## Input data
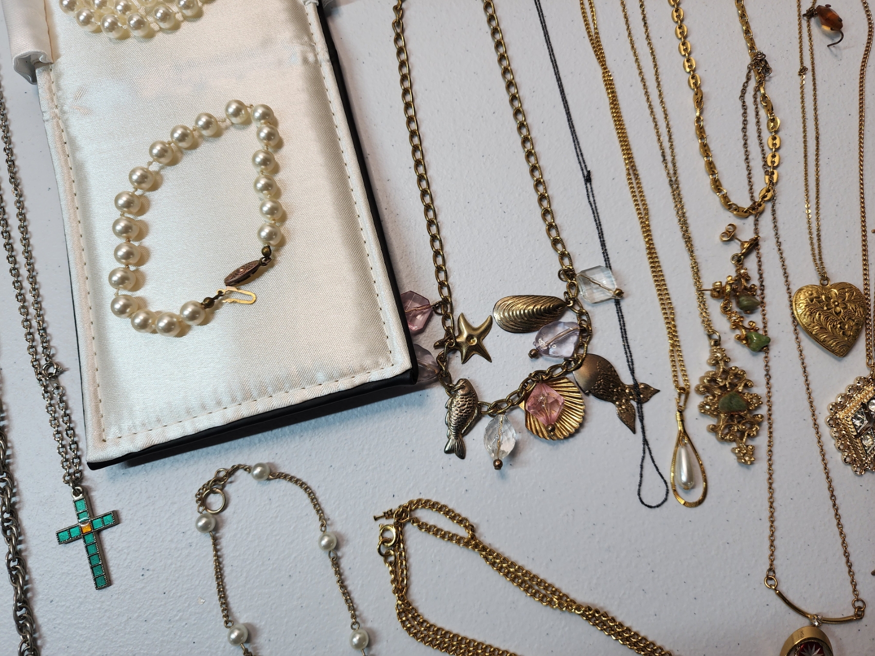 Large Lot of Assorted Costume Jewelry Including Pearl Necklace, Gold-Tone & Silver-Tone Pieces
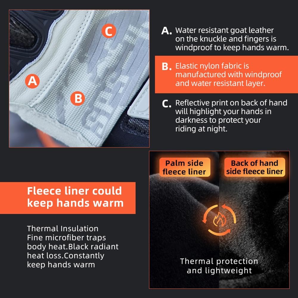 - Carbon fibre on knuckle, lower palm and extended wrist;Stretch zone on fingers ensures wearing comfort and dexterity; Wiper blade on side of forefinger;Leather touchscreen sensitive on both index finger tips and thumb bellies;Super grip print on the finger-reinforced padding and thumb crotch part;
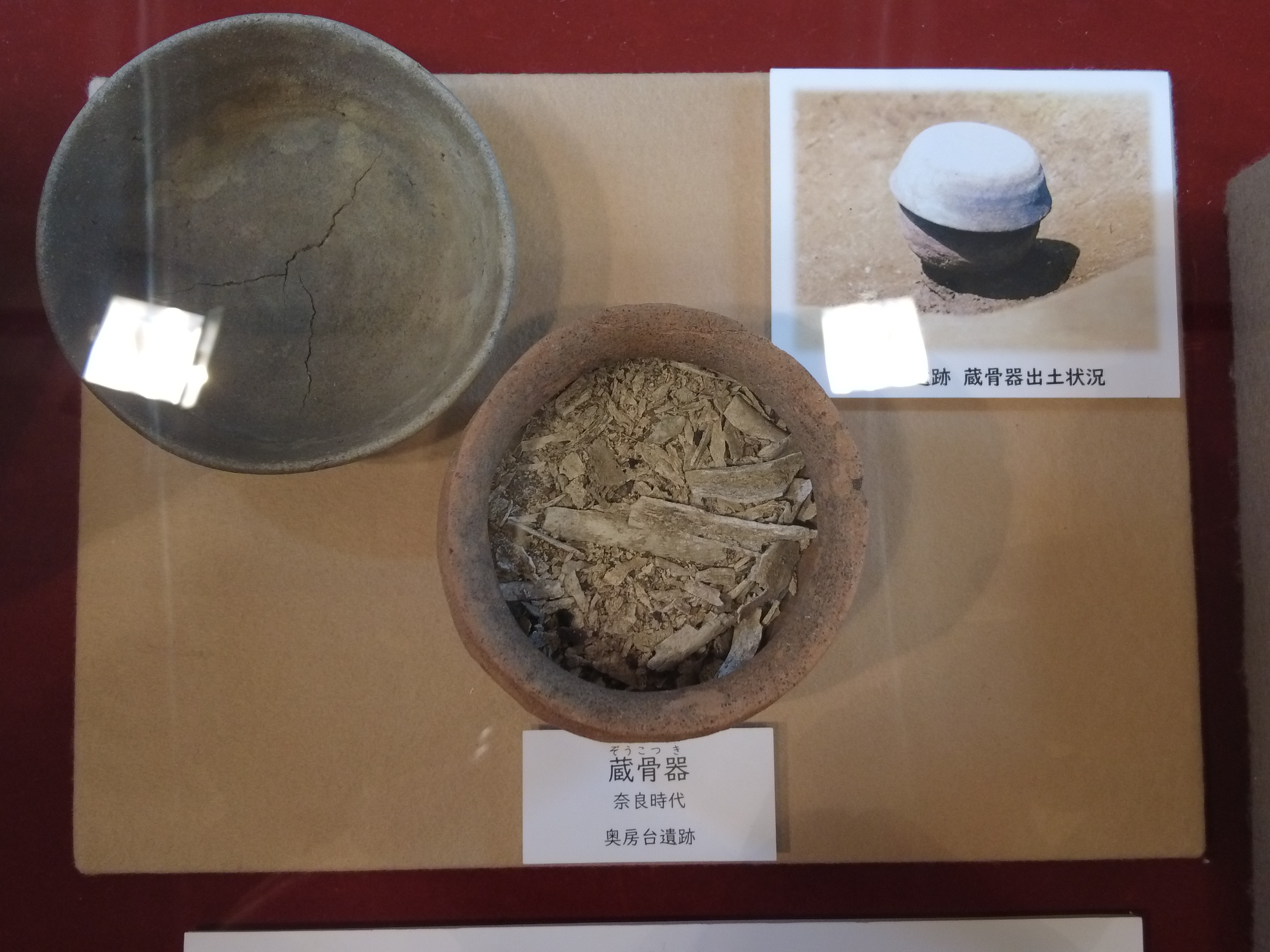 展示されている奈良時代の遺物。蔵骨器が出土状況込みで展示されているのは分かりやすくて良い。しかもほとんど割れていない状態だったのは凄いね。この中身は本物なんだろうか?
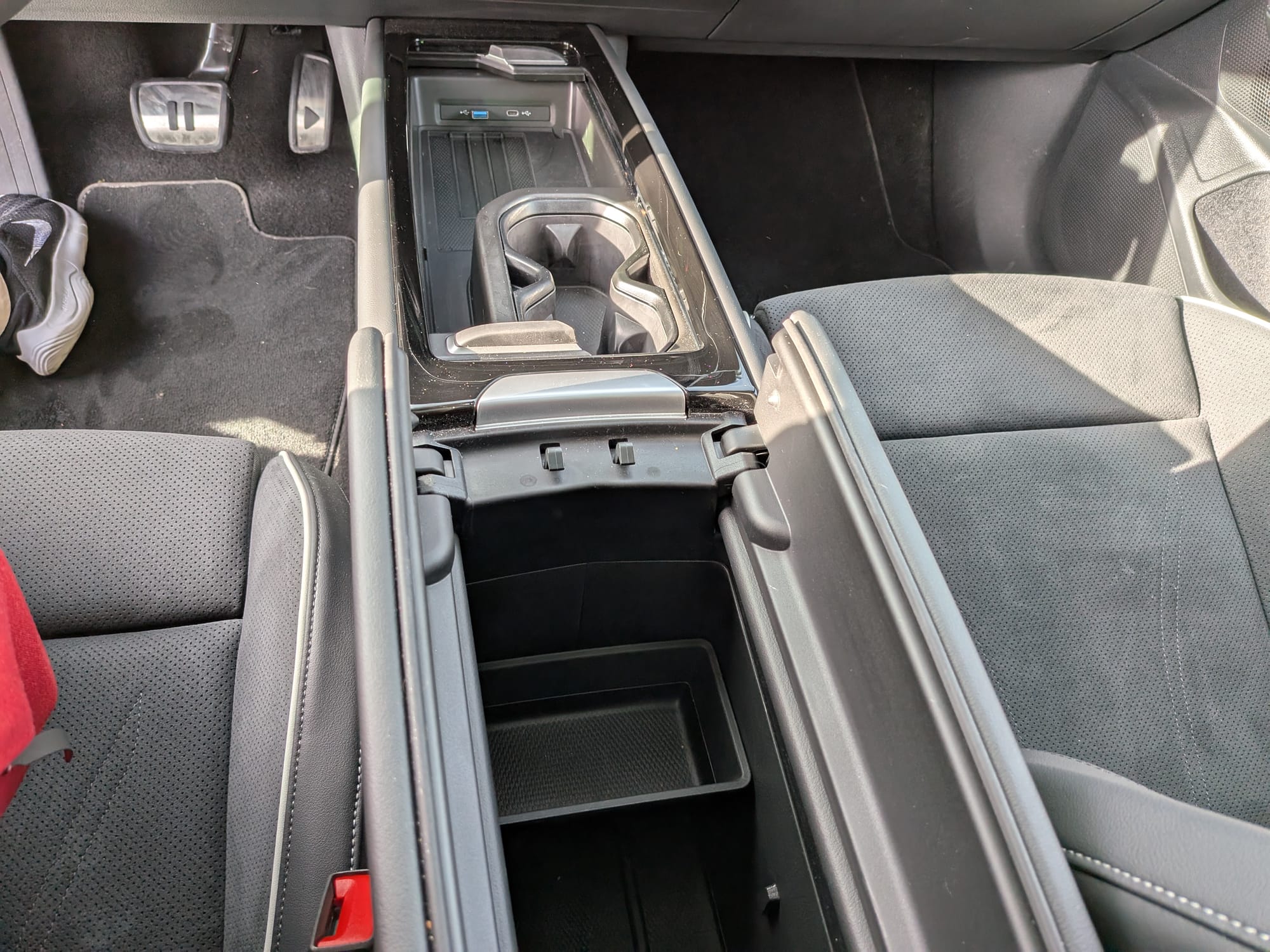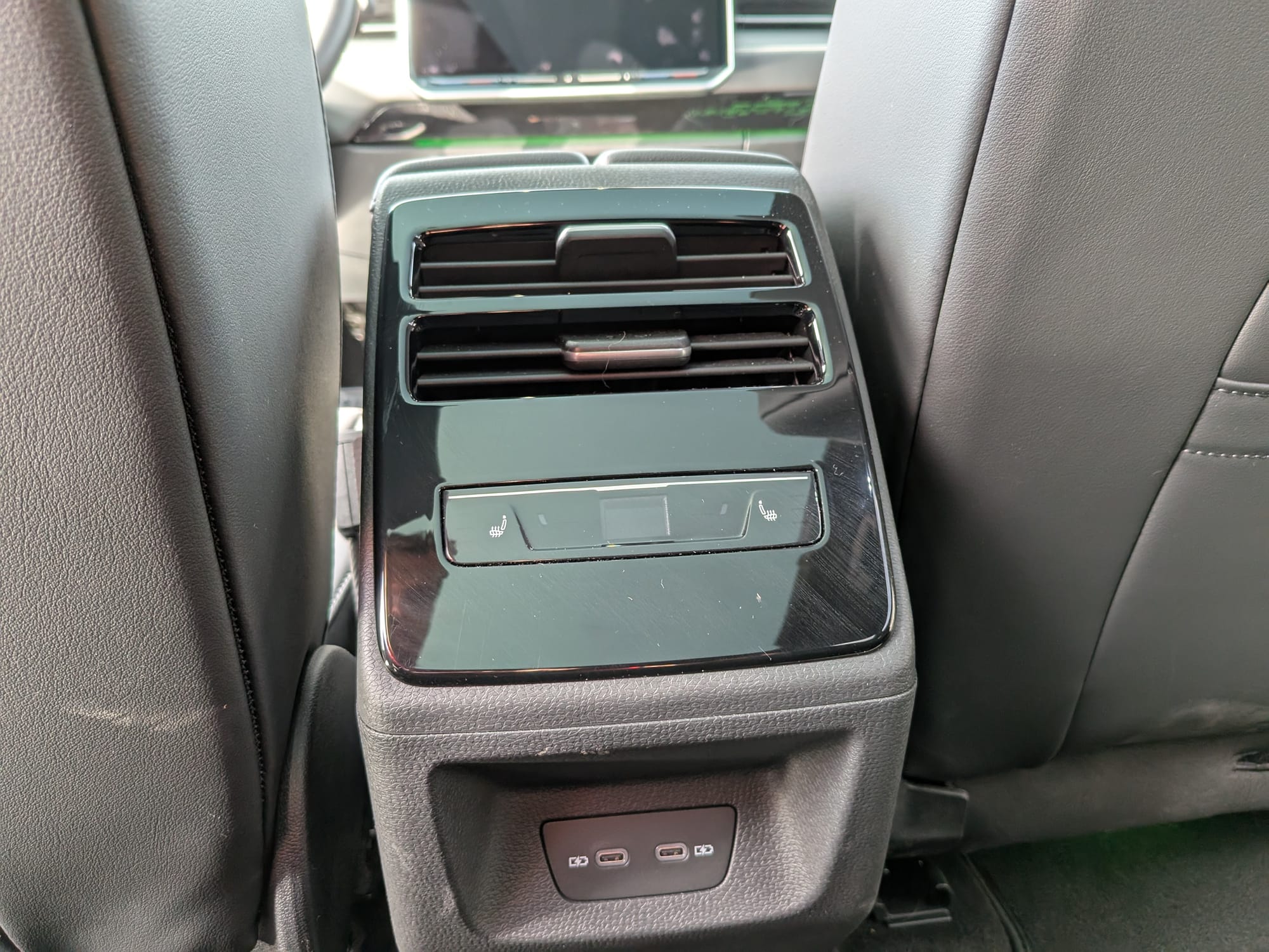 Links: USB-Anschlüsse, Sitzheizung und Lüftung für die Fahrgäste / Rechts: Viel Stauraum, USB-Anschlüsse und Wireless-Charging-Pad | Bilder: vybe
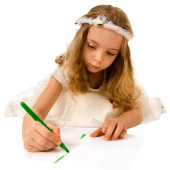 młoda dziewczyna malowane białą księgę na białym tle
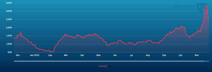 A quiet week for the BLPG1 Ras Tanura-Chiba route, the index fell by US$23 to close at US$125.286. The significant drop comes mainly from the lack of activity, with few enquiries and ships failing subjects with cargoes being taken back internally, it has resulted in rates significantly weakened compared to a few weeks ago. There isn’t much left of 2023 but optimism hasn’t quite died out yet with brokers feeling there could be some life before we celebrate the New Year.
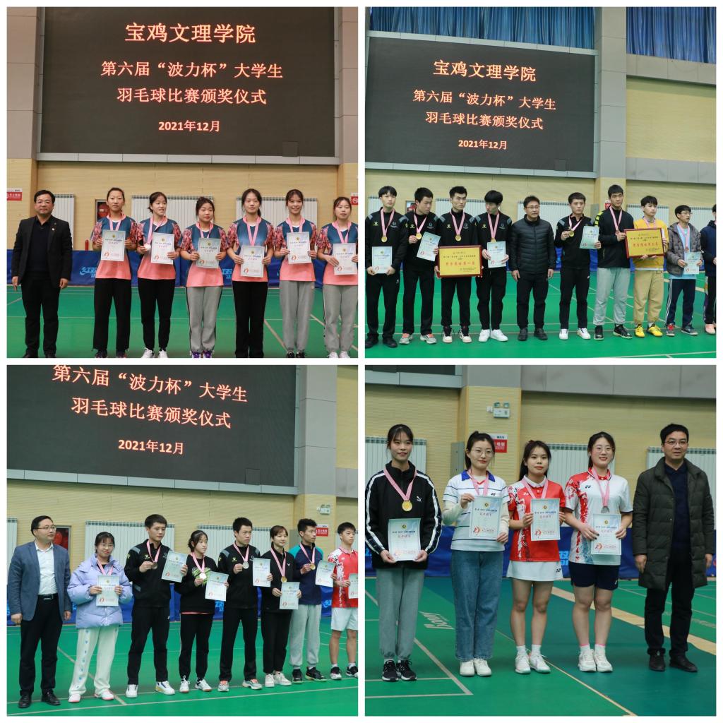 比赛中,参赛选手以饱满的热情全身心投入到比赛中,充分发挥敢打敢拼的进取精神,比赛全程紧张激烈、扣人心弦。最终,文学与新闻传播学院、历史文化与旅游学院、化学化工学院、经济管理学院、外国语学院、美术学院、政法学院、教育学院分别荣获甲组女子团体第一名至第八名;电子电气工程学院、计算机学院、经济管理学院、音乐学院、历史文化与旅游学院、化学化工学院、机械工程学院、文学与新闻传播学院分别荣获甲组男子团体第一名至第八名;体育学院2020级和2019级获乙组女子团体冠亚军,体育学院2019级一队、2018级一队、2020级一队获乙组男子团体前三名。历史文化与旅游管理学院、经济管理学院、音乐学院、化学化工学院、电子电气工程学院、政法学院分别获甲组羽球接龙前六名;体育学院2018级和2020级分别获乙组羽球接龙冠亚军。甲乙组各个单项比赛也决出了前八名。在闭幕式和颁奖典礼上,职能部门及二级学院党政领导、教师代表为获奖代表队和队员颁发了奖牌及证书。
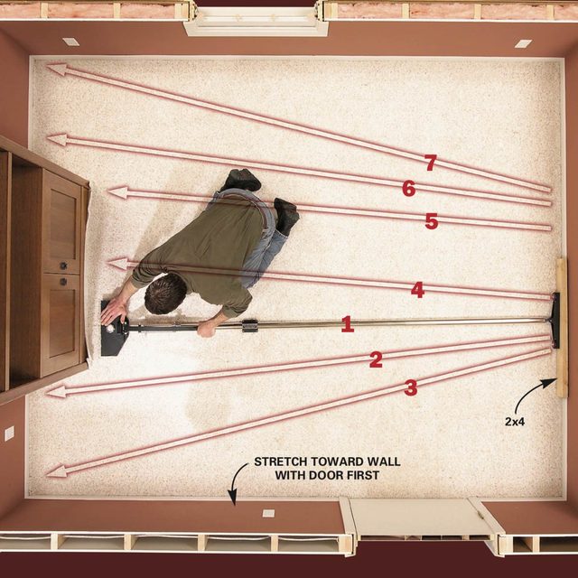 Plant the power carpet stretcher against the opposite baseboard and add extension sections until the gripping head is about 6 in. away from the wall. Push down on the lever of the power carpet stretcher and embed the carpet backing on the tack strips with your hand. Follow the sequence below.
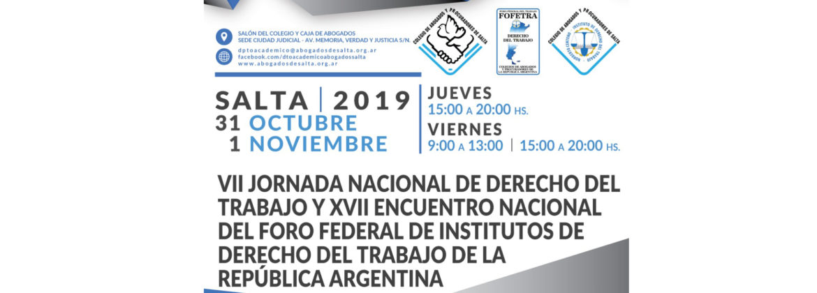 VII JORNADA NACIONAL DE DERECHO DEL TRABAJO Y XVII ENCUENTRO NACIONAL DEL FORO FEDERAL DE INSTITUTOS DE DERECHO DEL TRABAJO DE LA REPÚBLICA ARGENTINA
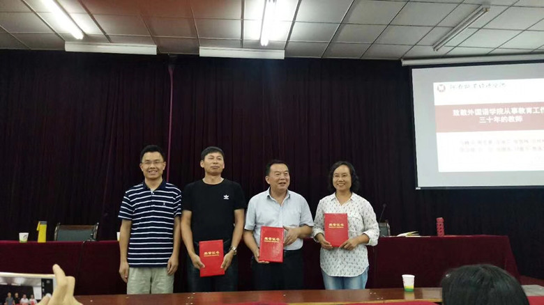 9月13日下午,太阳成集团122ccvip在英才校区E109教室举行隆重仪式,向我院从事教育工作30周年以上的教师致敬,院领导分别向弓峰山、陈东景、许海兰、张雪梅、宫桂梅、高立琴、方文、张继英、刘喜芳、贾遂芝等10位教师颁发了“从事教育工作30年”荣誉证书,年轻教师代表向10位老师献花祝贺。
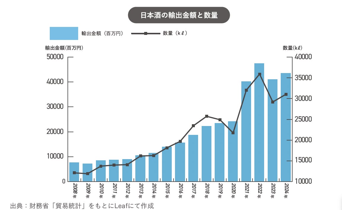 日本酒の海外輸出量は近年、継続的に増加。海外の和食店の急増に伴い、グローバル市場はさらに拡大すると見込まれています。さらに、2024年12月には、⽇本酒を含む「伝統的酒造り」がユネスコ無形⽂化遺産に登録され、日本酒の注目度はますます高まると期待されています。
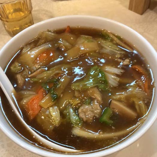 エプロンをもらって、好きな席について待っていると、しばらくしてお兄さんが持ってきてくれたどんぶりにはたっぷりなスープと具材が入っている。食べ進むとかなりのボリューム。しかしながら、とても美味しい優しいスープだった。小鉢に入れたのは麻湯で、ちょっと麺を付けて食べたら舌が痺れた。正直スープをそのまま味わうので十分に思う。取った具材の量も自分にはちょうどいい感じ。

## Your objective
Pictures aside, please output the whole listing exactly as it appears above.

## Your response
 Large Lot of Assorted Costume Jewelry Including Pearl Necklace, Gold-Tone & Silver-Tone Pieces
 - Carbon fibre on knuckle, lower palm and extended wrist;Stretch zone on fingers ensures wearing comfort and dexterity; Wiper blade on side of forefinger;Leather touchscreen sensitive on both index finger tips and thumb bellies;Super grip print on the finger-reinforced padding and thumb crotch part;
 展示されている奈良時代の遺物。蔵骨器が出土状況込みで展示されているのは分かりやすくて良い。しかもほとんど割れていない状態だったのは凄いね。この中身は本物なんだろうか?
 Links: USB-Anschlüsse, Sitzheizung und Lüftung für die Fahrgäste / Rechts: Viel Stauraum, USB-Anschlüsse und Wireless-Charging-Pad | Bilder: vybe
 młoda dziewczyna malowane białą księgę na białym tle
 A quiet week for the BLPG1 Ras Tanura-Chiba route, the index fell by US$23 to close at US$125.286. The significant drop comes mainly from the lack of activity, with few enquiries and ships failing subjects with cargoes being taken back internally, it has resulted in rates significantly weakened compared to a few weeks ago. There isn’t much left of 2023 but optimism hasn’t quite died out yet with brokers feeling there could be some life before we celebrate the New Year.
 比赛中,参赛选手以饱满的热情全身心投入到比赛中,充分发挥敢打敢拼的进取精神,比赛全程紧张激烈、扣人心弦。最终,文学与新闻传播学院、历史文化与旅游学院、化学化工学院、经济管理学院、外国语学院、美术学院、政法学院、教育学院分别荣获甲组女子团体第一名至第八名;电子电气工程学院、计算机学院、经济管理学院、音乐学院、历史文化与旅游学院、化学化工学院、机械工程学院、文学与新闻传播学院分别荣获甲组男子团体第一名至第八名;体育学院2020级和2019级获乙组女子团体冠亚军,体育学院2019级一队、2018级一队、2020级一队获乙组男子团体前三名。历史文化与旅游管理学院、经济管理学院、音乐学院、化学化工学院、电子电气工程学院、政法学院分别获甲组羽球接龙前六名;体育学院2018级和2020级分别获乙组羽球接龙冠亚军。甲乙组各个单项比赛也决出了前八名。在闭幕式和颁奖典礼上,职能部门及二级学院党政领导、教师代表为获奖代表队和队员颁发了奖牌及证书。
 Plant the power carpet stretcher against the opposite baseboard and add extension sections until the gripping head is about 6 in. away from the wall. Push down on the lever of the power carpet stretcher and embed the carpet backing on the tack strips with your hand. Follow the sequence below.
 VII JORNADA NACIONAL DE DERECHO DEL TRABAJO Y XVII ENCUENTRO NACIONAL DEL FORO FEDERAL DE INSTITUTOS DE DERECHO DEL TRABAJO DE LA REPÚBLICA ARGENTINA
 9月13日下午,太阳成集团122ccvip在英才校区E109教室举行隆重仪式,向我院从事教育工作30周年以上的教师致敬,院领导分别向弓峰山、陈东景、许海兰、张雪梅、宫桂梅、高立琴、方文、张继英、刘喜芳、贾遂芝等10位教师颁发了“从事教育工作30年”荣誉证书,年轻教师代表向10位老师献花祝贺。
 日本酒の海外輸出量は近年、継続的に増加。海外の和食店の急増に伴い、グローバル市場はさらに拡大すると見込まれています。さらに、2024年12月には、⽇本酒を含む「伝統的酒造り」がユネスコ無形⽂化遺産に登録され、日本酒の注目度はますます高まると期待されています。
 エプロンをもらって、好きな席について待っていると、しばらくしてお兄さんが持ってきてくれたどんぶりにはたっぷりなスープと具材が入っている。食べ進むとかなりのボリューム。しかしながら、とても美味しい優しいスープだった。小鉢に入れたのは麻湯で、ちょっと麺を付けて食べたら舌が痺れた。正直スープをそのまま味わうので十分に思う。取った具材の量も自分にはちょうどいい感じ。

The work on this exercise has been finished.